Posté le 13 janvier 2020 par Groupe Socialiste Universitaire
Par Linah Bonneville, Mario Guglielmetti et Marco Frizon
En 2015, dans une France touchée dans sa chair, tout le peuple se leva un 11 janvier pour crier dans les rues que le terrorisme n’aura jamais raison de la liberté la plus élémentaire dans une démocratie, celle de la liberté et plus fondamentalement : celle de l’expression. Le droit de critiquer le pouvoir sans risquer d’être placé sous surveillance ou d’être persécuté, le droit de donner son opinion sans craindre d’être attaqué par ses opposants, le droit de soumettre à la caricature tous les sujets possibles.
Cependant, cinq ans après l’attentat qui a frappé Charlie Hebdo, il semble qu’une censure publique se soit instaurée progressivement dans notre pays. Le problème est qu’il ne s’agit plus d’attaques envers des opinions racistes, antisémites et discriminatoires mais bien envers des opinions politiques et intellectuelles.
Cela se manifeste aujourd’hui dans les universités où on refuse à un ancien président de s’exprimer sur fond de désaccord politique et au nom de la liberté, lorsque l’on menace une philosophe, lui refusant un débat contradictoire en raison de son avis sur la gestation pour autrui. Dans la Sorbonne même, haut lieu du débat universitaire, une conférence de l’association des étudiants de droit intitulée “La présomption d’innocence à l’épreuve de #BalanceTonPorc” est attaquée en mars 2019 par des militants extrémistes considérant que cet événement n’allait pas à l’encontre d’une protection des femmes victimes d’agression ou de harcèlement.
Ces actes semblent résulter d’une vision individualiste de cette liberté. Seuls les avis allant dans notre sens auraient le droit de s’exprimer, donnant des situations ubuesques. L’on retiendra ainsi l’exemple de la philosophe Sylviane Agackinski, menacée pour sa position contre la GPA, sous prétexte que celle-ci s’apparenterait à de l’homophobie. Au-delà de l’absurdité de l’argument en l’espèce, c’est le principe du contradictoire qui se voit menacé et tend à disparaître. Le plus grave est que cela arrive au sein des universités dont le rôle est justement de permettre le débat. Or, que vaut un débat sans confrontation d’opinion ? Il y a donc, au sein de cette institution, une confiscation du débat par une condamnation morale arbitraire.

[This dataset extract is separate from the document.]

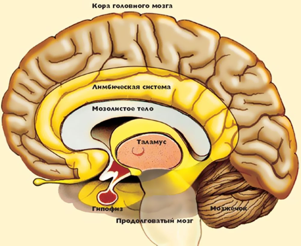 Обратите внимание на часть картинки, выделенную желтым цветом. Это лимбическая система. Она была открыта только в 1952 году, когда стали исследовать нейронные связи. Лимбическая система отвечает за чувства, эмоции и рефлексы. Содержимое лимбической системы формируется в основном в первые три года жизни ребенка, в возраст, в котором мы себя, как правило, не помним. И что интересно, информация туда «записывается» без критического осмысления. Так надо, и все. Приведу пример: жил-был мальчик Вася, однажды в 2 годика он идет с папой за ручку, папа достает сигареты, закуривает. Вася спрашивает: «Папа что ты делаешь?» - «Не видишь, курю?» - «А можно я тоже покурю?» - «Хм, нельзя, ты еще маленький!»

Une autre institution est victime de cet arbitraire : la Justice. Nous considérons que l’expression ne sert pas seulement un but politique ou militant. Cette expression consiste aussi à prêter sa voix en justice. Une interrogation majeure survient aujourd’hui lorsqu’il est question de l’institution judiciaire : comment peut-on défendre une victime présumée ou un prévenu si la défense comme la partie civile se heurtent à des menaces, dues à leur argumentaire ? Comment peut-on consacrer le droit de la défense dans une démocratie qui préférerait couper la tête aux prétendus coupables plutôt que de laisser la justice parvenir à la vérité ? Le public semble vouloir se substituer au juge avant même qu’un jugement ne soit rendu. Les procès publics sont aujourd’hui au coeur de l’actualité, à travers l’émergence d’une forme de “présomption de culpabilité” et non plus d’innocence.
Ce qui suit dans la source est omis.